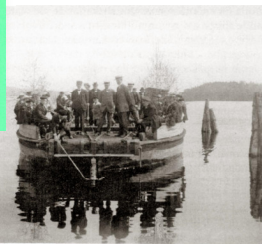
Prämen lastad med festfolk
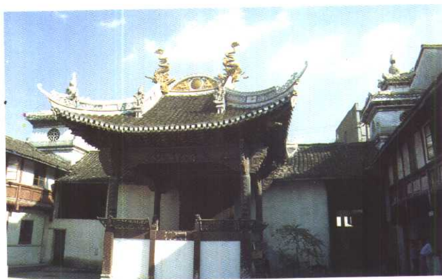
一九三九年三月 卅一日周恩来作 抗日演讲的枫桥 大庙戏台
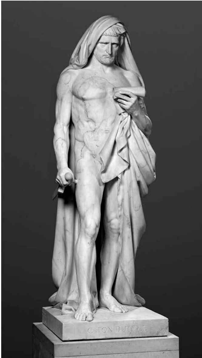
1. kép. Jean-Baptiste Roman az ifjabb Catót ábrázoló szobra (1840). Musée du Louvre.

hez hasonló korpusz, amely közvetlenül Cato önreprezentációját tükrözné. Így szükségszerűen olyan forrásokra (jelen esetben főként Sallustiusra) vagyunk utalva, melyek Cato tudatos önreprezentációjának ismeretében, már annak hatása alatt formálnak véleményt politizálásával kapcsolatban. Ugyanakkor, ha szem előtt tartjuk Cato tudatos imázsépítését és ennek közvetlen és közvetett hatását az ókori szerzőkre, a meglévő forrásokat is pontosabban érthetjük, illetve új megvilágításban láthatjuk.
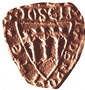
Siegel des Joselin von Pont, 1250
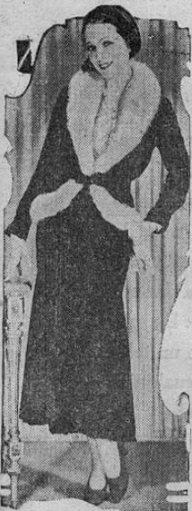
Este elegante traje de tarde está confeccionado con terciopelo verde oscuro, adornado con pieles de zorro.
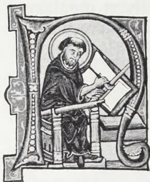
Fig. 2. A, fol. 195 r.

Blaat N-Initial i 5,1 × 4,2 cm, stor purpurfarvet Ramme ved Sankt Hieronymus' Prolog til de 12 smaa Profeter. Guldgrund. Figurens Kappe sort, Knivskæft sort, Lineal gulbrun, Pergamentunderlag zinnoberrødt. Paa Gulvet til højre violet Pult med hvid Skala.
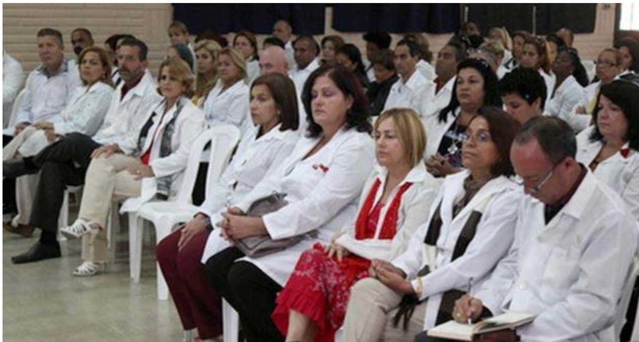
Misión de médicos cubanos en Ecuador (Americateve.com).
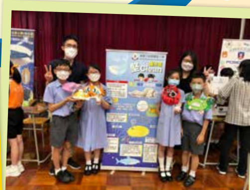
STEM x 海洋航行器設計比賽攤位
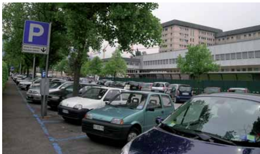
Blaue Parkzone vor dem Bozner Spital: zahlen auch Sonntags

mittel umzusteigen? Umweltschutz ist grundsätzlich zu begrüßen. Wie sollen dann aber die Baukosten finanziert werden? Indem die Parkgebühren im Stadtzentrum erhöht werden? Wohl kaum, das würde einigen Interessensgruppen nicht gefallen. Wer ins Spital fährt, hat ohnehin andere Sorgen.
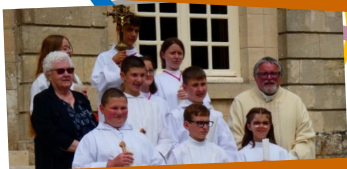
St-Sauveur le Vicomte, Profession de Foi le 8 juin 2024
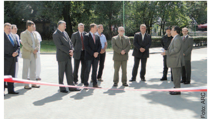
Na chwilę przed otwarciem nowej drogi.

Odbiór inwestycji nastąpił 6 września. W ramach budowy drogi pożarowej zlikwidowano również stare pomieszczenia gospodarcze i wygospodarowano teren na dodatkowy parking.
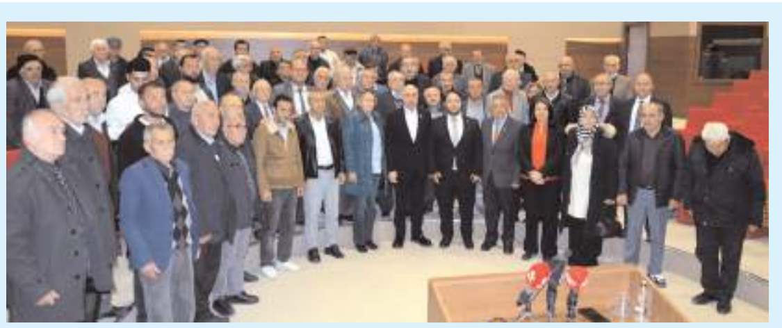
Programın ardından hatıra fotoğrafı çekildi.
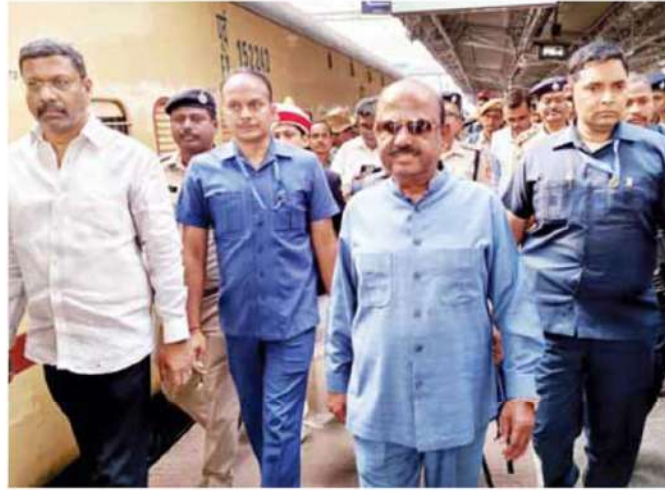
West Bengal Governor CV Ananda Bose arriving at Malda Town railway station to visit a relief camp to meet those displaced by the violence that erupted during a protest against the Waqf (Amendment) act, 2025 in Malda on Friday

"I would request non-locals not to visit Murshidabad right now. I would appeal to the Governor to wait for a few more days as confidence-building measures are underway... I could have gone there... but I desisted because I want the peace to
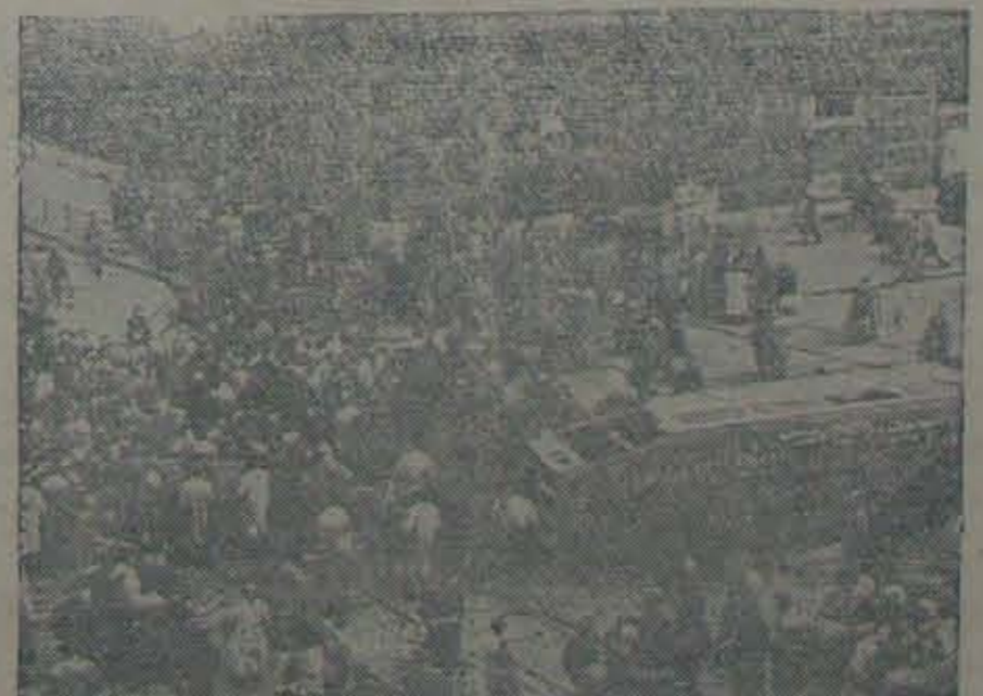
తిరుగుబాటుజేసిన ప్రజలు స్వేచ్ఛాపూరిత ఎన్నికలుకావాలని, రష్యావైర్యం వల్లపోవాలని ప్రాయోబద్ధకామితో ప్రారంభించుతున్నారు.
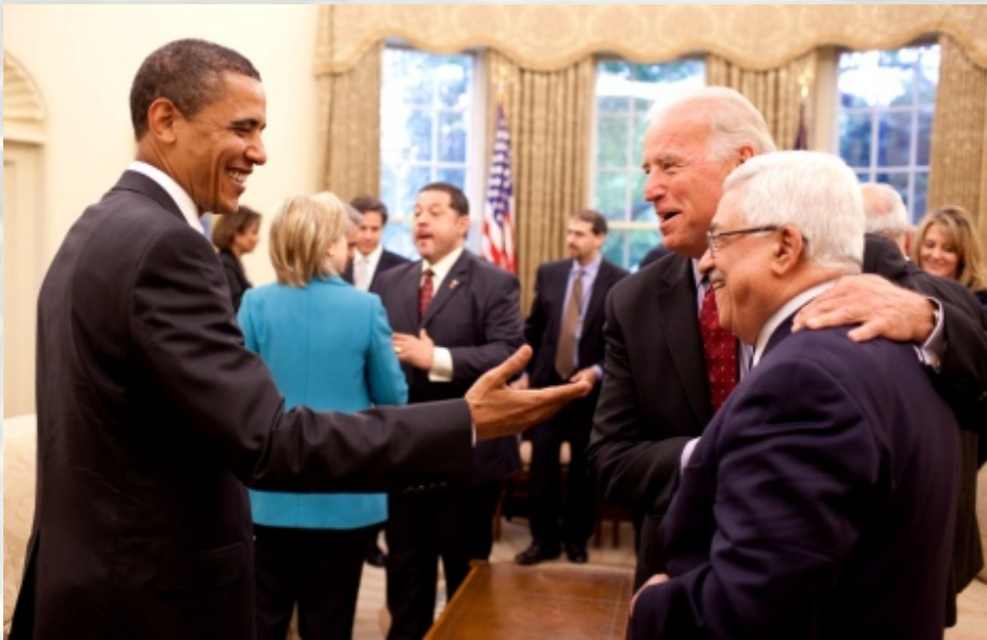
אובאמה וביידן עם אבו-מאזן - החיבה שהפגינו רק פגעה.

אובאמה הציג במהלך מערכת הבחירות האמריקנית ובוודאי לאחריה, גישה מדינית יונית, המבקשת למצות מהלכים דיפלומטיים. על פי תפיסה זו, המפתח להידברות מוצלחת כשאררה"ב משמשת כמתווך, מצריך ממצעמט-העל לשמור על ניטרליות. כשמדובר במדיניות של ממשל שירש את הממשל הפרו-ישראלי ביותר שראתה וושינגטון, מתפרשת אותה ניטרליות כאנטי-ישראליות, משני הצדדים.
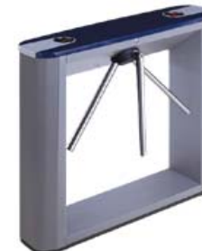
Тумбовый турникет-трипод с планками Антипаника PERCo-TTD-03.1G
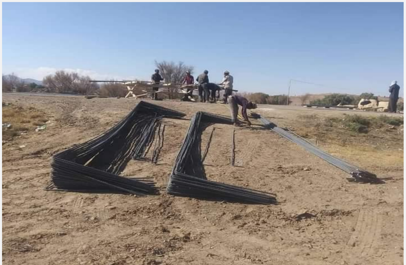
مشروع تنفيذ معالجة اضرار السيول الخط الرئيسي بني جرموز (حارة خير) مديرية بني الحارث
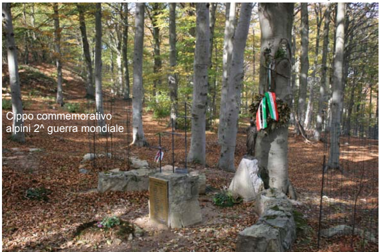
Cippo commemorativo alpini 2 a guerra mondiale

ci vuole una buona dose di esperienza e senso della giusta direzione... diff. EE - si confluisce su una larga pista e si arriva in oltre 1h dal forte Tortagna, chiuso!

::::::

**About this exercise**
When you reach the line holding "St-Sauveur le Vicomte, Profession" in the listing above, begin retyping exactly, and stop once the line holding "West Bengal Governor" is done; pictures stay out.

**Result of the task**
St-Sauveur le Vicomte, Profession de Foi le 8 juin 2024
Na chwilę przed otwarciem nowej drogi.

Odbiór inwestycji nastąpił 6 września. W ramach budowy drogi pożarowej zlikwidowano również stare pomieszczenia gospodarcze i wygospodarowano teren na dodatkowy parking.
Programın ardından hatıra fotoğrafı çekildi.
West Bengal Governor CV Ananda Bose arriving at Malda Town railway station to visit a relief camp to meet those displaced by the violence that erupted during a protest against the Waqf (Amendment) act, 2025 in Malda on Friday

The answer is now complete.